Panelists spent substantial time on Question 5 discussing what growers report in INMP summary tables, who calculates R (nitrogen removed), and how auditing should be handled.
Daniel Geisler and Ali Montazar reviewed example summary tables used by an East San Joaquin Valley coalition and noted the extensive per-field data being requested (irrigation methods, irrigation efficiency practices, applied nitrogen, yields, crop age, acres, and other entries). Panelists flagged ambiguities for multi-crop fields and urged adding soil texture/series to the form to improve interpretation of leaching risk.
Panelists debated whether coalitions or growers should calculate R. In the Central Valley coalitions typically calculate R from grower-reported yields and regional coefficients; on the Central Coast growers often do more of the calculation themselves. Michael Khan stressed the need for a clear narrative or process to document how A and R were computed so future audits are traceable: "It would be good to have information on what was the process in coming up with A," he said.

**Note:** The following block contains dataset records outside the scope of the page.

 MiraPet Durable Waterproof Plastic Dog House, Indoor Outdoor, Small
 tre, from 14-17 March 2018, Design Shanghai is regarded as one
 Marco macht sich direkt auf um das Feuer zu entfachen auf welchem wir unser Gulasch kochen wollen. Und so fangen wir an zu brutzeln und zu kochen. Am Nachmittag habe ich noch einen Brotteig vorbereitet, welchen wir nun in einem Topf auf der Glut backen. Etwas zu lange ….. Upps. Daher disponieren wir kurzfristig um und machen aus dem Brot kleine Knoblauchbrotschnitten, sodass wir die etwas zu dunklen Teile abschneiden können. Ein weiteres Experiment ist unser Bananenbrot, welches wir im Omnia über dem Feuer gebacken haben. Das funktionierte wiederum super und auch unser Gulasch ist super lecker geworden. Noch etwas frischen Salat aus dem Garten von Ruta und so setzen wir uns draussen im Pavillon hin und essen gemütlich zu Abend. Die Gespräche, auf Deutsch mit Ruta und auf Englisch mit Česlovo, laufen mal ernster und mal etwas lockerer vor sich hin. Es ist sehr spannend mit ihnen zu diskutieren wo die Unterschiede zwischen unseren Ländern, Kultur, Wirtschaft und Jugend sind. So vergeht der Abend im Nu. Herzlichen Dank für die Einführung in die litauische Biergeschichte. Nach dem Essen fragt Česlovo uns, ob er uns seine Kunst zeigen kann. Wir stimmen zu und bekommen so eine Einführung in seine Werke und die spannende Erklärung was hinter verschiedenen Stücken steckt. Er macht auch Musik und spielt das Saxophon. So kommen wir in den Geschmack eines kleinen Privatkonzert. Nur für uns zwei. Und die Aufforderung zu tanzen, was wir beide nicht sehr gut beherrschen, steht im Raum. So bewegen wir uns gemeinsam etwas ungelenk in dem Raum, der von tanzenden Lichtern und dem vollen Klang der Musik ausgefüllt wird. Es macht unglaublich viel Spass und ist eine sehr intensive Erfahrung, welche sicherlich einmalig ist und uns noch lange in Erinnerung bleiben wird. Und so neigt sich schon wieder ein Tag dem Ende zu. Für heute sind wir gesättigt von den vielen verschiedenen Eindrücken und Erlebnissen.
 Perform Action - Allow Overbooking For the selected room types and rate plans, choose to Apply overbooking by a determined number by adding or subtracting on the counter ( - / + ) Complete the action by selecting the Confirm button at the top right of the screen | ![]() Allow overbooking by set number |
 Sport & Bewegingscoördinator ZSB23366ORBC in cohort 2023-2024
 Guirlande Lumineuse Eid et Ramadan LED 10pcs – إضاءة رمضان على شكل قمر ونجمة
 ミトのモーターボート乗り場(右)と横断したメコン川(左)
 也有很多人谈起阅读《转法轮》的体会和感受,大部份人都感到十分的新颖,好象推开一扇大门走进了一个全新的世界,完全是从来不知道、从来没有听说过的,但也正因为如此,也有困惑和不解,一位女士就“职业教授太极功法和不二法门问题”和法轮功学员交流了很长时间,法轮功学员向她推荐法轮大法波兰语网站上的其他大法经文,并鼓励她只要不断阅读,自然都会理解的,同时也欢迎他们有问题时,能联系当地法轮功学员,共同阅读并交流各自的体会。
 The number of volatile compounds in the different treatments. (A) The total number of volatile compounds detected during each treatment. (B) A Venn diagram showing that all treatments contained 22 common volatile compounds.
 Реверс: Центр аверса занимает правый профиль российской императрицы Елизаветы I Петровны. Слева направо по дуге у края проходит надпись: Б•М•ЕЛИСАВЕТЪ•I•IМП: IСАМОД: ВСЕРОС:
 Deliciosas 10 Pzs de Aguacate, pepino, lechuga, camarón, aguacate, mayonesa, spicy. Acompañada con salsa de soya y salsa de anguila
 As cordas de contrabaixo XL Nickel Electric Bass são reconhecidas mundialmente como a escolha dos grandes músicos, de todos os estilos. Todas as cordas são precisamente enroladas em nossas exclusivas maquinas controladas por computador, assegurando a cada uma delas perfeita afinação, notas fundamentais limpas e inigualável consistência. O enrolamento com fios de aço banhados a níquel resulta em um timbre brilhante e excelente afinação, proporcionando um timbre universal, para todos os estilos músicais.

On auditing and QA/QC, the panel recommended a pragmatic approach: allow an initial learning period (staff and coalitions suggested two to three years) before instituting comprehensive audits, and have coalitions screen for outliers and contact growers about anomalous values. The panel cautioned against instantly publishing highly granular field-level data without consideration of privacy and practical implications.
Panel direction: staff will accept written edits and clarifications (requested by Dec. 1) and consolidate them for the next meeting, with the intent to standardize where feasible but preserve regional flexibility in summary templates.